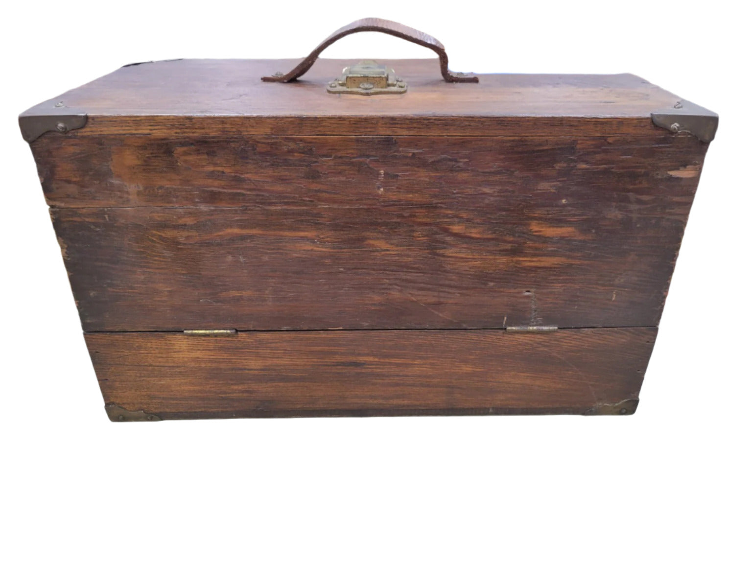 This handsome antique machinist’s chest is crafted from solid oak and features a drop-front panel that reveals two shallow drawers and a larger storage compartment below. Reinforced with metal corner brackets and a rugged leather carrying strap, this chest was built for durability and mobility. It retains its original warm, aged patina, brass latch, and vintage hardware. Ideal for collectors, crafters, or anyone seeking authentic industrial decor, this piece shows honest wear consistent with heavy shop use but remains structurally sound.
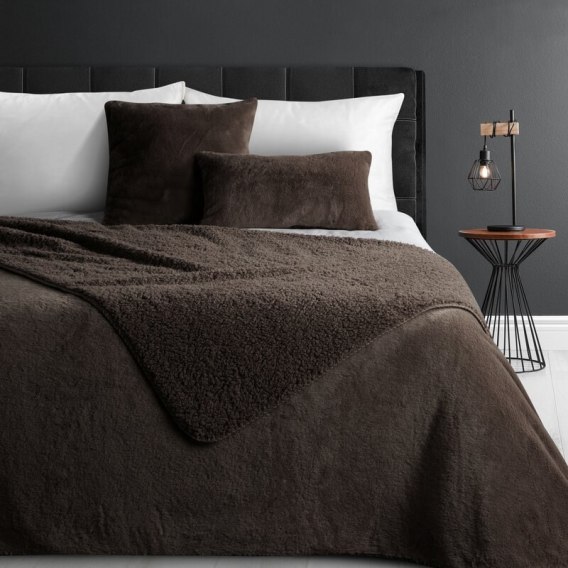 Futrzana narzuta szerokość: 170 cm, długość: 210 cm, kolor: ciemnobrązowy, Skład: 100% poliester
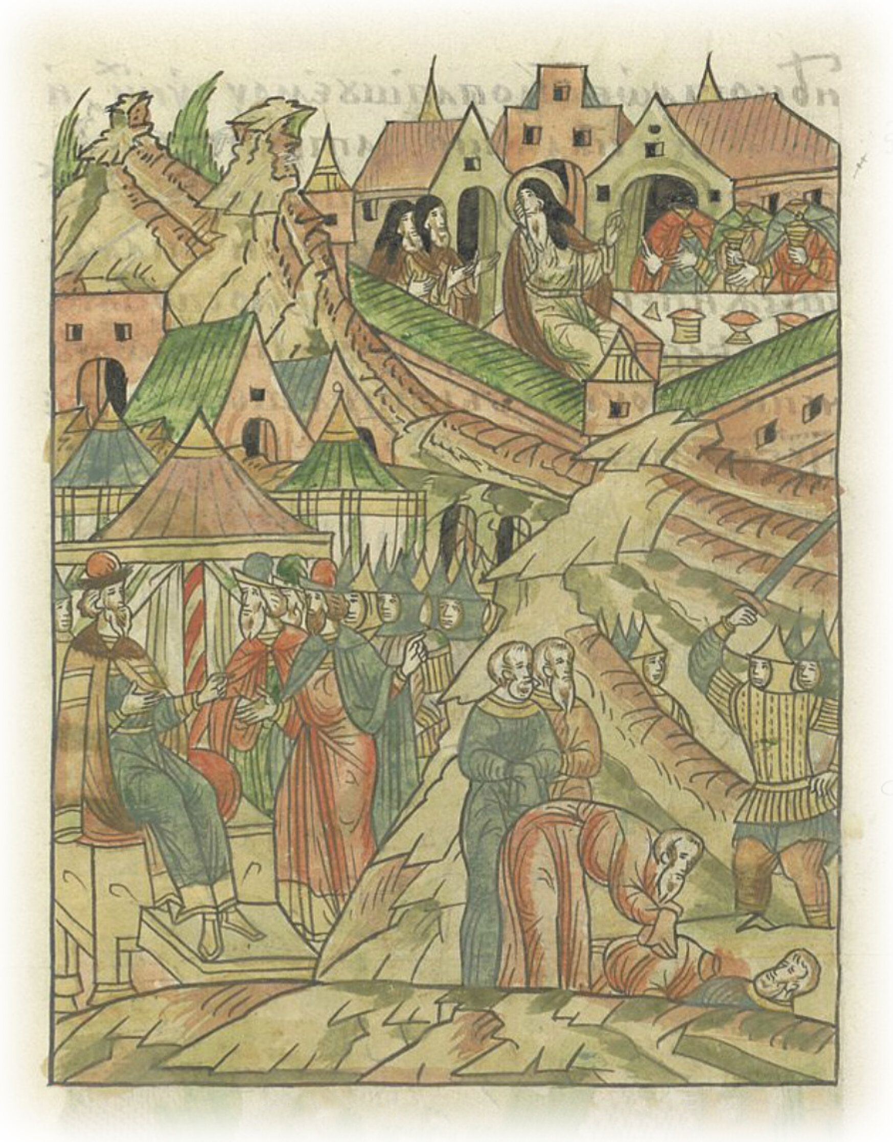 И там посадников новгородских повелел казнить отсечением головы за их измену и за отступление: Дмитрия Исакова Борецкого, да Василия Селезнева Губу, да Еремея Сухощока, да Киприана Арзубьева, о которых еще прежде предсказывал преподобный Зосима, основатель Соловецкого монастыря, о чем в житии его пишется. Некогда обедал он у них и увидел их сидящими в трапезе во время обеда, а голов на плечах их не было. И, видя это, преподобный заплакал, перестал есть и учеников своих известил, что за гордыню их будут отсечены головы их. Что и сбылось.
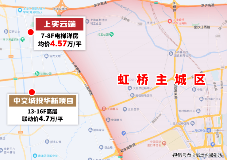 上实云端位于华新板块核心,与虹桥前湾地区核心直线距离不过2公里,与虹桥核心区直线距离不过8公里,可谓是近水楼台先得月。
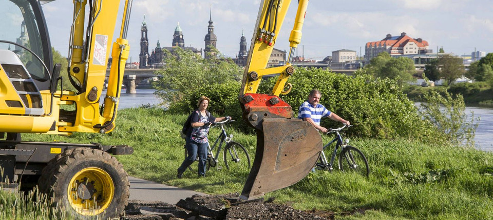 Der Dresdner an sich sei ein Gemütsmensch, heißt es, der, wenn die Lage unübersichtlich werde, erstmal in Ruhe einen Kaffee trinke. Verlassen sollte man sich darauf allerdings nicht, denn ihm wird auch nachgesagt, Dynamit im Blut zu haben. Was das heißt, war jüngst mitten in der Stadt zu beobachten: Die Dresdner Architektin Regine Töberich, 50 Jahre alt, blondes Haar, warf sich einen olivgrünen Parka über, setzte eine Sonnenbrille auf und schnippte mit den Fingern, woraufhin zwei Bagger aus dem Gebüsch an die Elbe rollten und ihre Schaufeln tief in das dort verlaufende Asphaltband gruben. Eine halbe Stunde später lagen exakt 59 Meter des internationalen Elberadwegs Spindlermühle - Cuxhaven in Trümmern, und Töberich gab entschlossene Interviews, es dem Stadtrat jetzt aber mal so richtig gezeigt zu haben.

--

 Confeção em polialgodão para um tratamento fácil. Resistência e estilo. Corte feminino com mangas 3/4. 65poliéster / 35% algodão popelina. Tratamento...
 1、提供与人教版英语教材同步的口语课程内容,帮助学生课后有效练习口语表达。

_Action item:_ Each line above starting at the one holding "Futrzana narzuta szerokość: 170" and ending at the one holding "上实云端位于华新板块核心,与" should be set down exactly as it stands, both ends included, with no pictures.

_Exercise result:_
 Futrzana narzuta szerokość: 170 cm, długość: 210 cm, kolor: ciemnobrązowy, Skład: 100% poliester
 И там посадников новгородских повелел казнить отсечением головы за их измену и за отступление: Дмитрия Исакова Борецкого, да Василия Селезнева Губу, да Еремея Сухощока, да Киприана Арзубьева, о которых еще прежде предсказывал преподобный Зосима, основатель Соловецкого монастыря, о чем в житии его пишется. Некогда обедал он у них и увидел их сидящими в трапезе во время обеда, а голов на плечах их не было. И, видя это, преподобный заплакал, перестал есть и учеников своих известил, что за гордыню их будут отсечены головы их. Что и сбылось.
 上实云端位于华新板块核心,与虹桥前湾地区核心直线距离不过2公里,与虹桥核心区直线距离不过8公里,可谓是近水楼台先得月。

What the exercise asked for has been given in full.